A new report from the European Parliament has urged lawmakers not to ban or ignore virtual currencies (VC). The report, Virtual Currencies and Central Banks Monetary Policy: Challenges Ahead, issued by the Economic and Monetary Affairs Committee, suggests that digital currencies be “treated by regulators as any other financial instrument, proportionally to their market importance, complexity, and associated risks.”
“Economists who attempt to dismiss [virtual currencies], considering them as the inventions of “quacks and cranks”, a new incarnation of monetary utopia or mania, fraud, or simply as a convenient instrument for money laundering, are mistaken. [Virtual currencies] respond to real market demand and, most likely, will remain with us for a while.
“Policy makers and regulators should not ignore [virtual currencies], nor should they attempt to ban them. Both extreme approaches are incorrect.”

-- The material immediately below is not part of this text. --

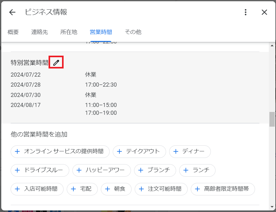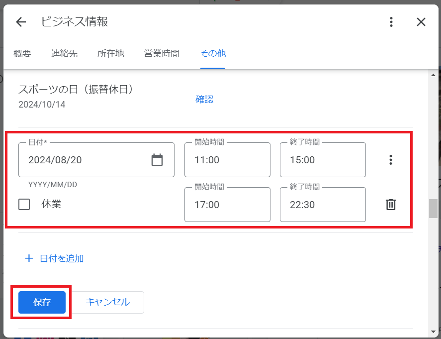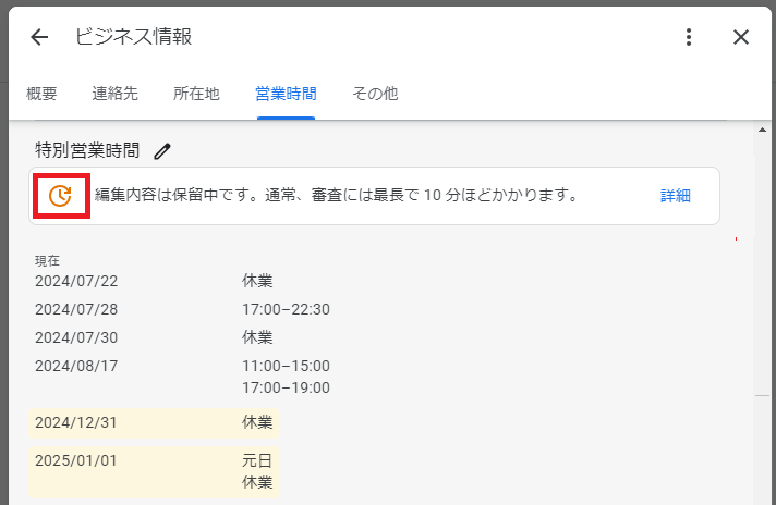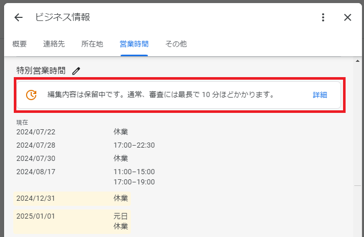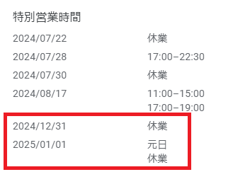 Googleビジネスプロフィールでは、「特別営業日」の設定をする事で、営業時間の変更や、臨時休業日を設定する事ができます。

The report notes the increasing use of, and importance of, virtual currencies in smaller “monetary jurisdictions” or in nations where economic stability and trust are low. “Such countries already struggle with the phenomenon of currency substitution in the form of spontaneous dollarisation or euroisation. VCs may offer another avenue for currency substitution, as observed recently in Venezuela.”

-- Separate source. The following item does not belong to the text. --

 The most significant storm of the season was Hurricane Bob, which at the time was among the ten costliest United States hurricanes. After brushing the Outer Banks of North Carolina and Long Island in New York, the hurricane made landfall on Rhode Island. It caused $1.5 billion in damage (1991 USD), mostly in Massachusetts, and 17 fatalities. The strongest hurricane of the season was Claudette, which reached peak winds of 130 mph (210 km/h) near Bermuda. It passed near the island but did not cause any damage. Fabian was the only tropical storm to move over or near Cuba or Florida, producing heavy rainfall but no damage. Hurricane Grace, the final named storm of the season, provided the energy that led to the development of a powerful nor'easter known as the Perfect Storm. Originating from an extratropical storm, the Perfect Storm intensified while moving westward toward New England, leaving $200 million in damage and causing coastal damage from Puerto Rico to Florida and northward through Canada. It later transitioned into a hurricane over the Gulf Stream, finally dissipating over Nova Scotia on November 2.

The 33-page report speaks to many of the advantages of virtual currencies, as well as the challenges it brings. It also does a pretty good job of describing Bitcoin, Ethereum, and Ripple, and their respective advantages and disadvantages. It’s a bit of a heavy read, with a large focus on answering the question, “Can virtual currencies break central banks’ monopolies on money issuance?”
“The answer seems most likely “no”, despite the relative market success of Bitcoin and the chances for similar successes with its followers. After almost a decade since its creation, and notwithstanding its acceptance by some digital platforms and strong market value, its role remains marginal. In April 2018, the total market capitalisation of all VCs was below US$ 300 billion (Subsection 2.3, Table 1), while broad money (M3) in the US approached US$ 14 trillion at the end of 2017.34 Differences in the number of transactions is even more strikingly in favour of sovereign currencies.
The authors do acknowledge an increased role for virtual currencies in regions of instability. However, declaring that digital currencies will remain a non-factor in the future, based on bitcoin’s current market capitalization today, seems short-sighted. Digital currencies are still very early in terms of their capabilities and technological developments. More and more investors are planning to buy Bitcoin in Canada and countries all around the world. The notion that they would be written off now reminds me of this quote on the automobile:
“That the automobile has practically reached the limit of its development is suggested by the fact that during the past year no improvements of a radical nature have been introduced.”